At each timestep you force the prompt nodes ‘on’, by forcing the voltage to threshold, before allowing the natural flow of activation through the grid.
ensure_prompted_spikes also seems to have a random choice element which I can’t quite work out. Can you explain why you use a random please?
Opening in another window detected a kernel (base Python 3.10.10).
But I immediately strike other problems:
Clicking the first cell gets:
Running cells with ‘base’ requires the ipykernel package.
Run the following command to install ‘ipykernel’ into the Python environment.
Command: ‘conda install -n base ipykernel --update-deps --force-reinstall’
Opening a new terminal
$ source /opt/conda/bin/activate
/bin/sh: 1: source: not found
Tried running the command:
conda install -n base ipykernel --update-deps --force-reinstall
EnvironmentNotWritableError: The current user does not have write permissions to the target environment.
environment location: /opt/conda
That behaviour was on both Chrome with Windows 10, and Firefox with Linux Mint.
Also getting following generic message in default terminal on startup:
EnvironmentNameNotFound: Could not find conda environment: oscb
You can list all discoverable environments with conda info --envs.
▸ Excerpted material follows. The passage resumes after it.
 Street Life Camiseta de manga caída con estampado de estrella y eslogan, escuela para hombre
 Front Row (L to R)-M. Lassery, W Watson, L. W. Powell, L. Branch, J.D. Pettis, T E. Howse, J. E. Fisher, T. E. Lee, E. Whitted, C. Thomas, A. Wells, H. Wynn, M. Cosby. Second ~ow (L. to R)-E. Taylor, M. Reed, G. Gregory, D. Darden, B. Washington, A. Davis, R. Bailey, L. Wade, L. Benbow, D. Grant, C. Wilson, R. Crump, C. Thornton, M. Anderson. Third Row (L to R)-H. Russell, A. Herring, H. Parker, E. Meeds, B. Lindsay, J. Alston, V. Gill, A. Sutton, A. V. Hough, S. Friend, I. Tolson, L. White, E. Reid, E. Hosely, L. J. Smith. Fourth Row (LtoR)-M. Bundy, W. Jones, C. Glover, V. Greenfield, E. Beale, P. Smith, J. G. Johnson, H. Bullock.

bash: jupyter: command not found
bash: jupyter: command not found
I’ll continue to try to get that to work. It may have to wait until I have reliable wifi to update my Linux partition.
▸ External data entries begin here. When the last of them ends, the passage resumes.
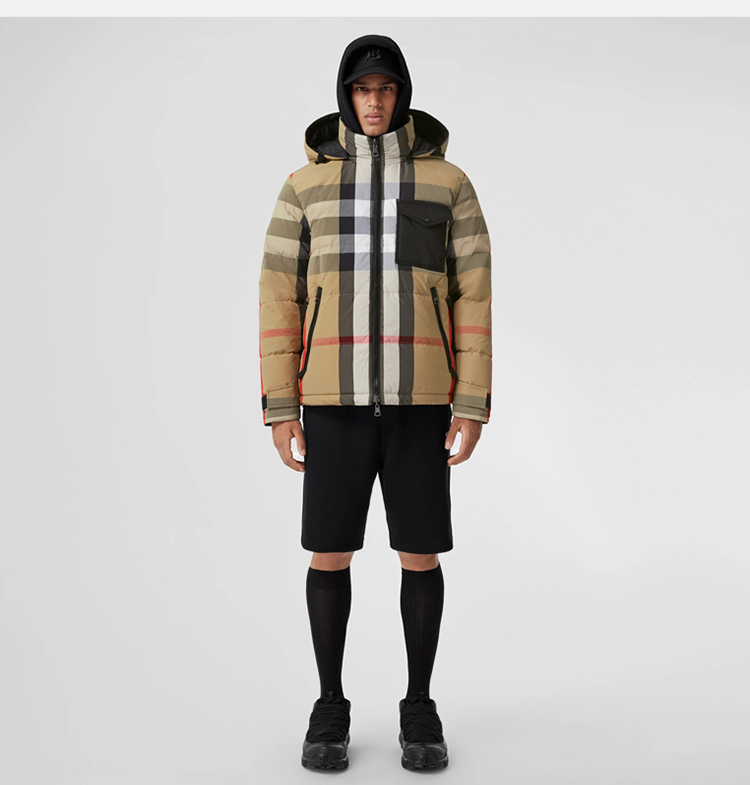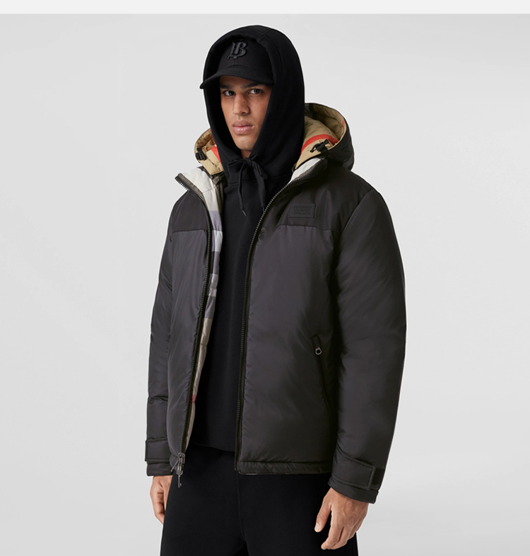 BURBERRY 巴宝莉 男士双面两穿格纹尼龙连帽羽绒服 格子 8064291 A7028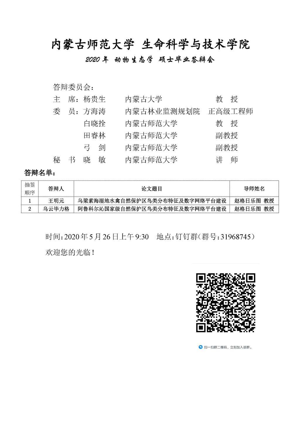 bwin必赢中国官网2020年动物生态学硕士毕业答辩会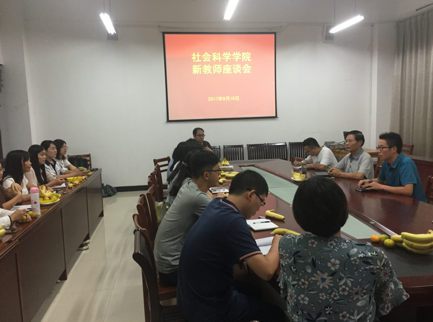 9月19日下午,太阳成集团tyc539在社科楼107会议室召开新教师座谈会,该院院长陈录生、党总支书记李赟、院长助理胡志国、学工秘书刘颖方、教学干事李春云、行政干事程娇炎以及2017年全体新进教师参加了座谈会。座谈会由李赟主持。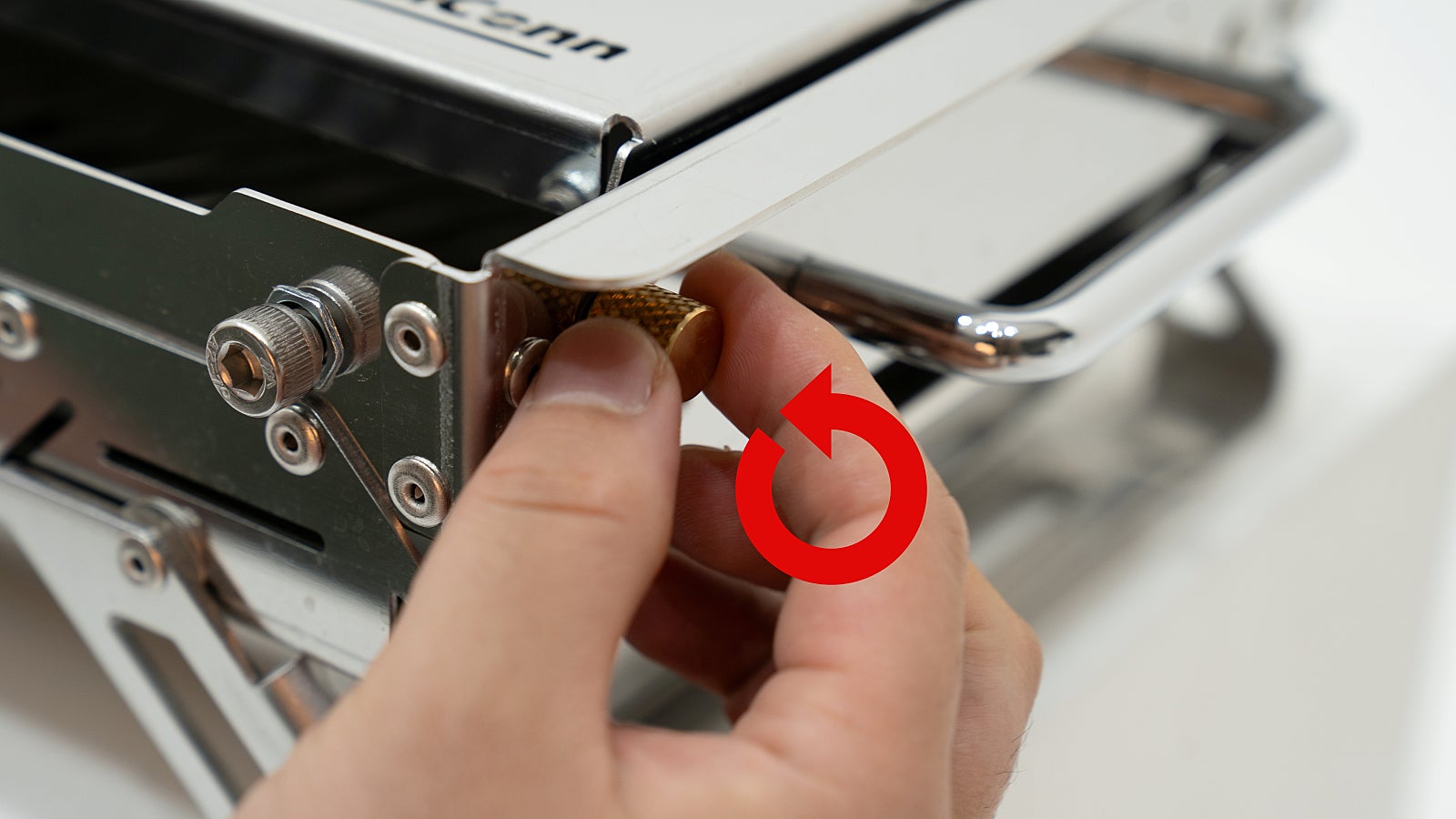 To remove the side flaps of the Unicorn M main body, begin by loosening the bolts. Grip the bolt securely and turn it counterclockwise until it is fully unscrewed. Repeat this process for all four sides to detach the side flaps.

But in the meantime. Just from looking at your output…
I’m expecting elements of a “prompt” sequence to have their spike times pushed together when compared to a driving signal.
I tried to sketch that in this post:
The driving signal should be a different time for each successive letter of the “prompt”. Otherwise there will be no difference in input spike time to be pushed together. @DanML says you “you force the prompt nodes ‘on’, by forcing the voltage to threshold” at each timestep?
Are your current prompt letter impulses all at the same time?
What is the prompt for the raster plot you posted?
This means your Gitpod workspace is not initialized as configured, try stop the workspace by menu item popped-up from the upper-left 3-dash icon, and open the Gitpod url again (which will create+initialize a new Gitpod workspace per configuration), make sure you wait long enough, before seeing & following the notebook url printed in the terminal view, don’t interrupt the process setting up the oscb conda env. The first time a Gitpod workspace is opened, the setup may take a few minutes to complete, wait long enough, and it’ll be much faster to open the workspace later again.
No, one letter at a time-step as the notebook currently is. And you can increase
prompt_pace=1, # time step distance between letter spikes
used there, to have it even more slower.
Several notebook cells are pushing the simulation with (or without) prompt, for more time-steps. Read the notebook content, you’ll see there are 'xxx', then 'defcafe', then 'quick', and subsequent cells would push the simulation with no prompt.
The network is capable of a fine time resolution however, with all parameters identical (path delays, voltage steps, fade rates) and with synchronized inputs (all changes in the same time slot), you get behavior more like a set of logic gates.
Add noise to the variables and you start to get more of the fuzzy matching/synchrony that you might expect but you also add many more arbitrary parameters without an obvious way to train then.